Write out the data below in full, unchanged, minus the images.
### DATA EXCERPT ###
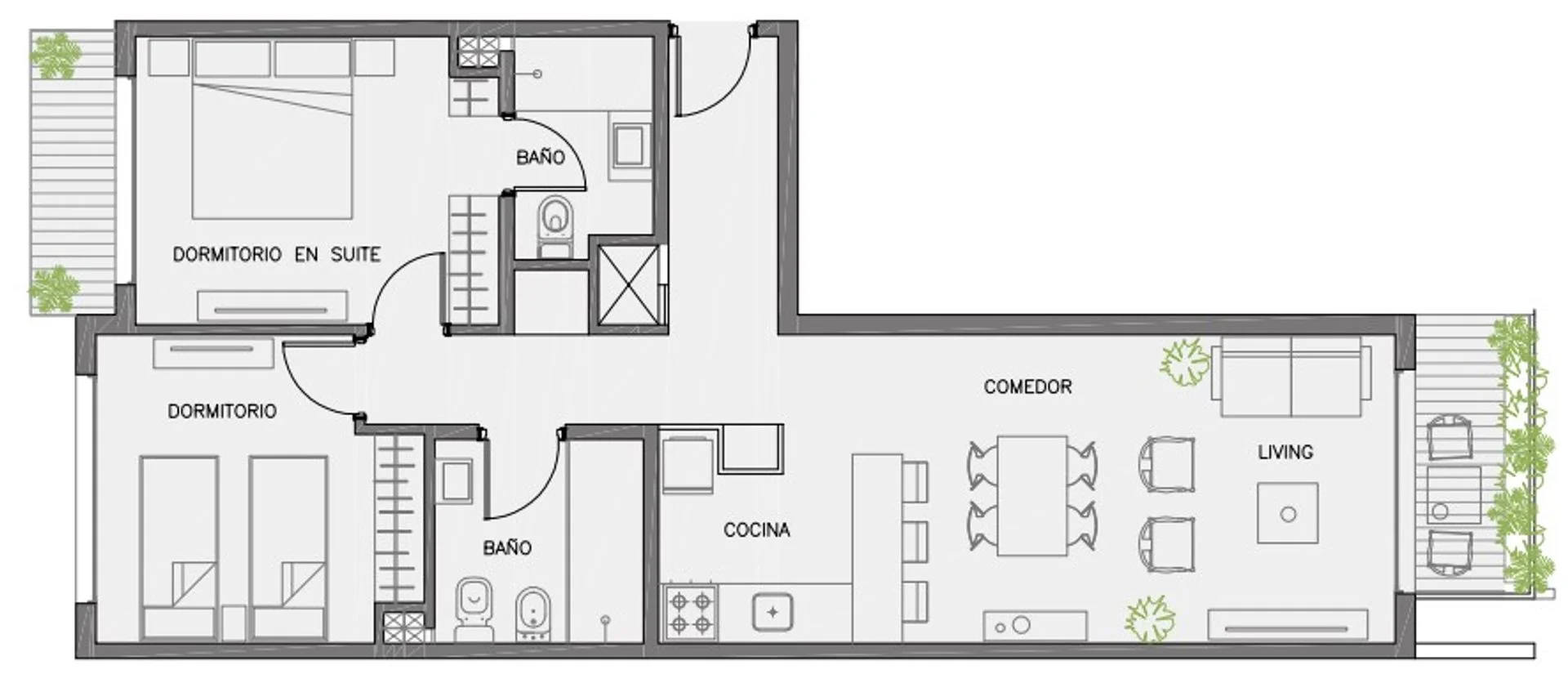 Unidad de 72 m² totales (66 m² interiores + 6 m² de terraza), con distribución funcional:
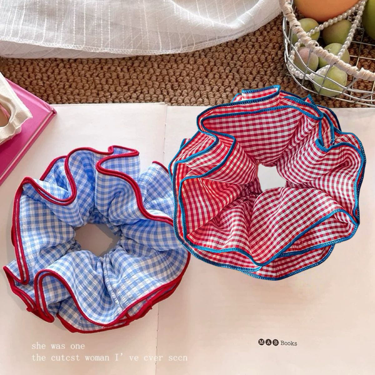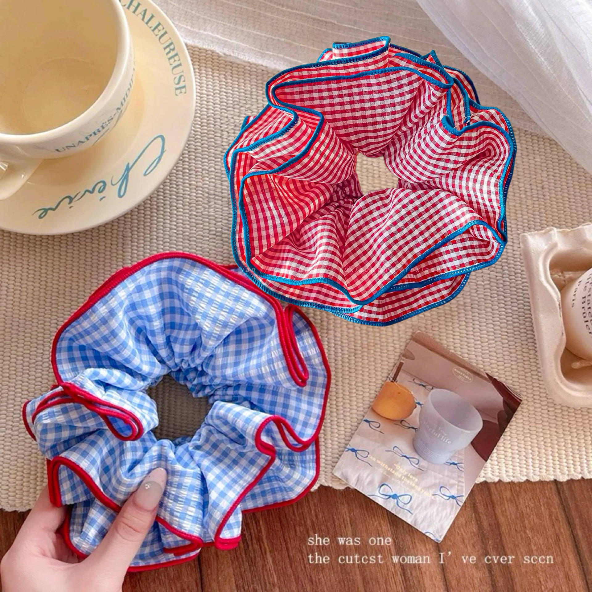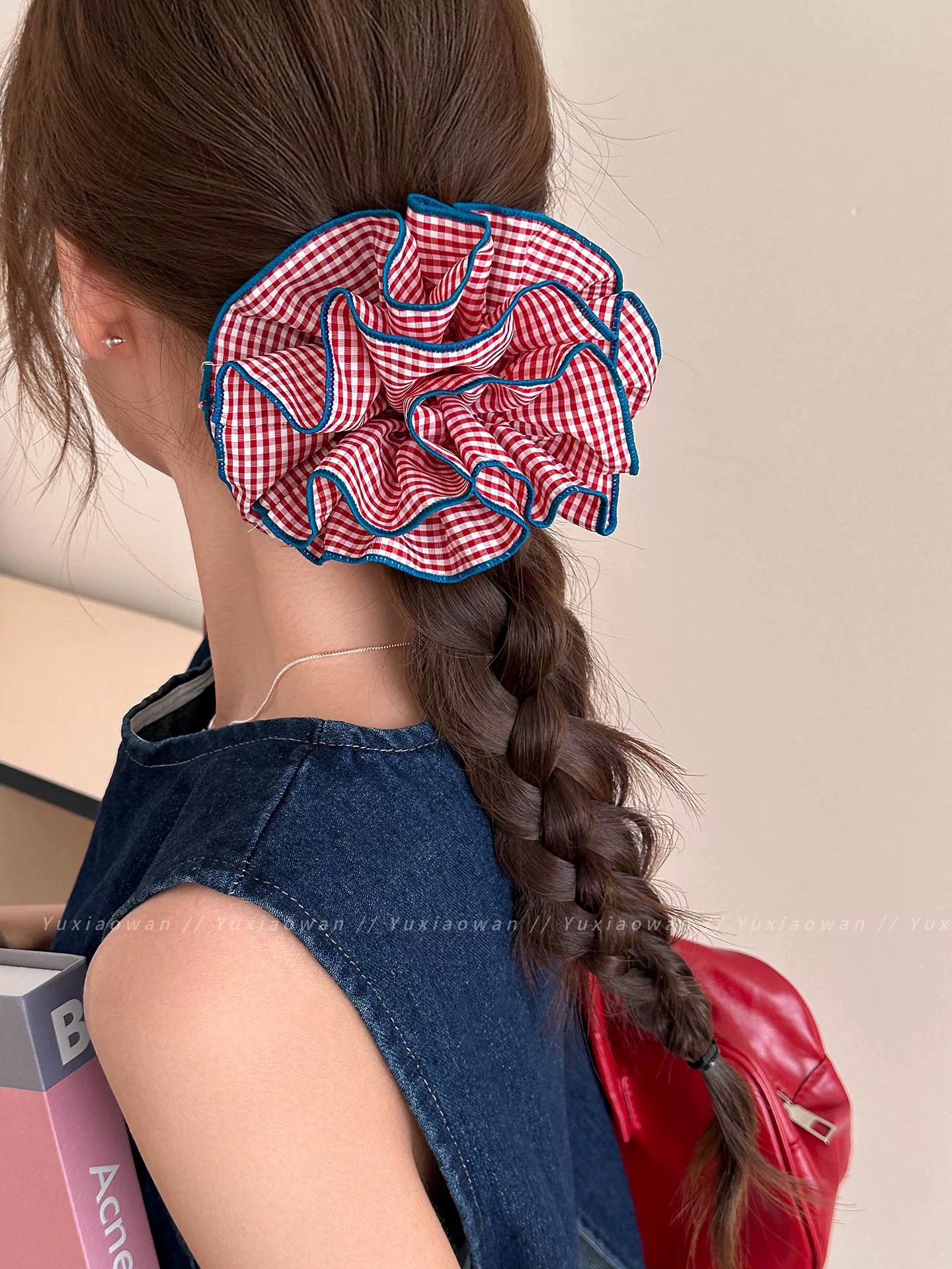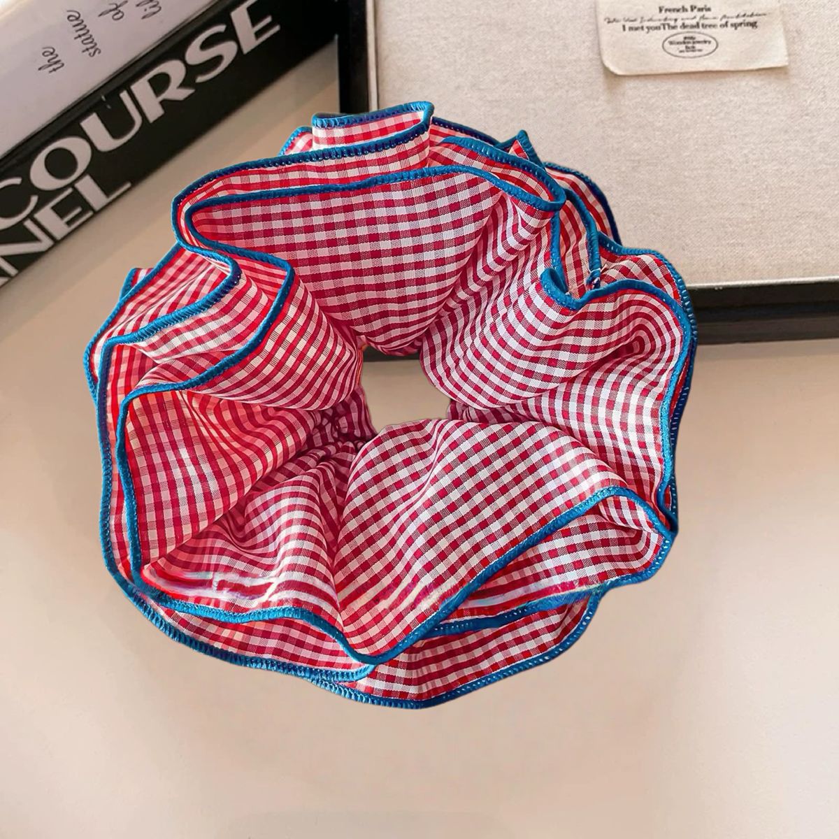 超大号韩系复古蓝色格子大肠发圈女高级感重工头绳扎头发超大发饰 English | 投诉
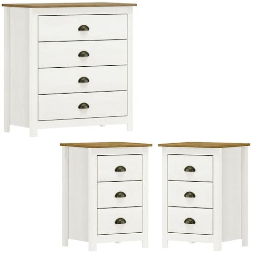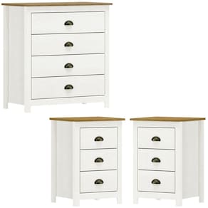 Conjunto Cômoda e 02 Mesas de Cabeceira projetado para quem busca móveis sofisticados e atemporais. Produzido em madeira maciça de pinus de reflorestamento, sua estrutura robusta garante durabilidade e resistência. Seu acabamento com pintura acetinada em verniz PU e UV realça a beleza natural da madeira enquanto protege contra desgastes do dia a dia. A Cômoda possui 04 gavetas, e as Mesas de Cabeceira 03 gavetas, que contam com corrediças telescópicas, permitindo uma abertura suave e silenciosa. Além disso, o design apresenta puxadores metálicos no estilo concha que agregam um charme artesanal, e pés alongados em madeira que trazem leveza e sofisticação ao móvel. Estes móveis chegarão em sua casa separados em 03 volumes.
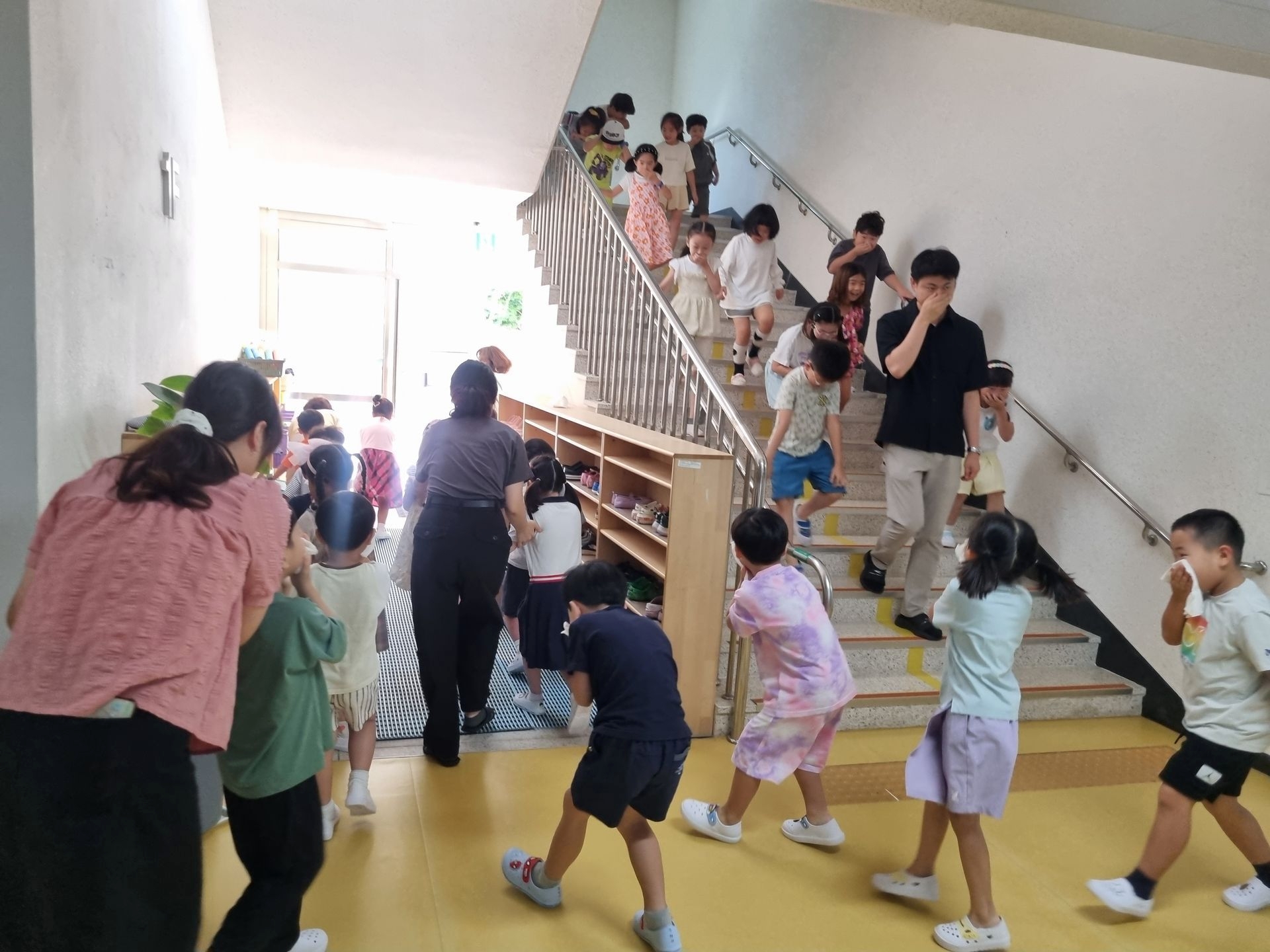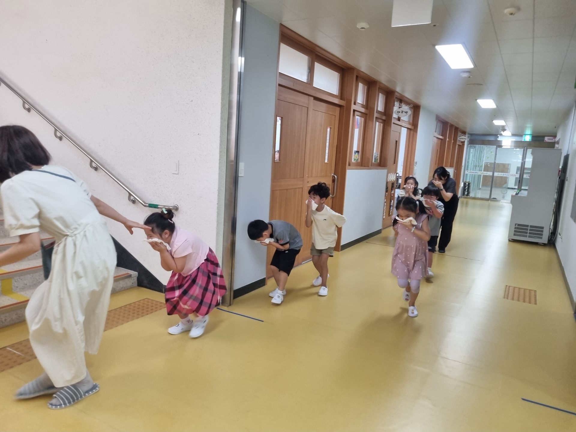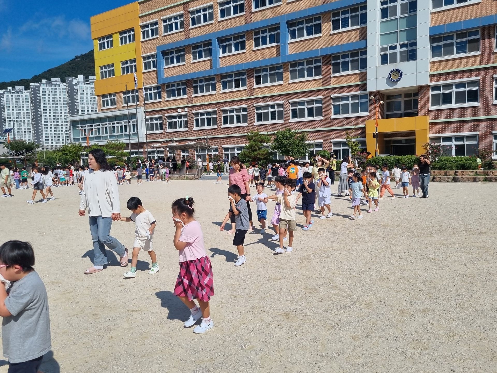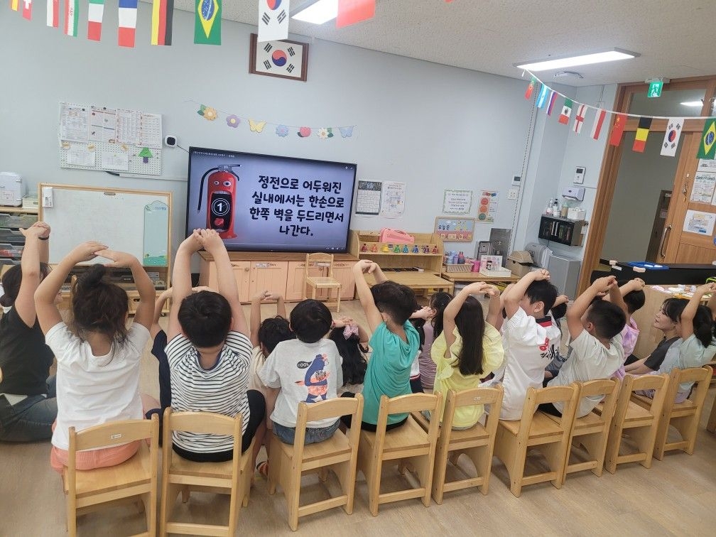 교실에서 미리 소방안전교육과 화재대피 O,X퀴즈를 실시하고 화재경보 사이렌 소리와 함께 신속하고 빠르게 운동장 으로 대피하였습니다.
###
:: ANSWER TO THE PROBLEM ::
 Unidad de 72 m² totales (66 m² interiores + 6 m² de terraza), con distribución funcional:
 超大号韩系复古蓝色格子大肠发圈女高级感重工头绳扎头发超大发饰 English | 投诉
 Conjunto Cômoda e 02 Mesas de Cabeceira projetado para quem busca móveis sofisticados e atemporais. Produzido em madeira maciça de pinus de reflorestamento, sua estrutura robusta garante durabilidade e resistência. Seu acabamento com pintura acetinada em verniz PU e UV realça a beleza natural da madeira enquanto protege contra desgastes do dia a dia. A Cômoda possui 04 gavetas, e as Mesas de Cabeceira 03 gavetas, que contam com corrediças telescópicas, permitindo uma abertura suave e silenciosa. Além disso, o design apresenta puxadores metálicos no estilo concha que agregam um charme artesanal, e pés alongados em madeira que trazem leveza e sofisticação ao móvel. Estes móveis chegarão em sua casa separados em 03 volumes.
 교실에서 미리 소방안전교육과 화재대피 O,X퀴즈를 실시하고 화재경보 사이렌 소리와 함께 신속하고 빠르게 운동장 으로 대피하였습니다.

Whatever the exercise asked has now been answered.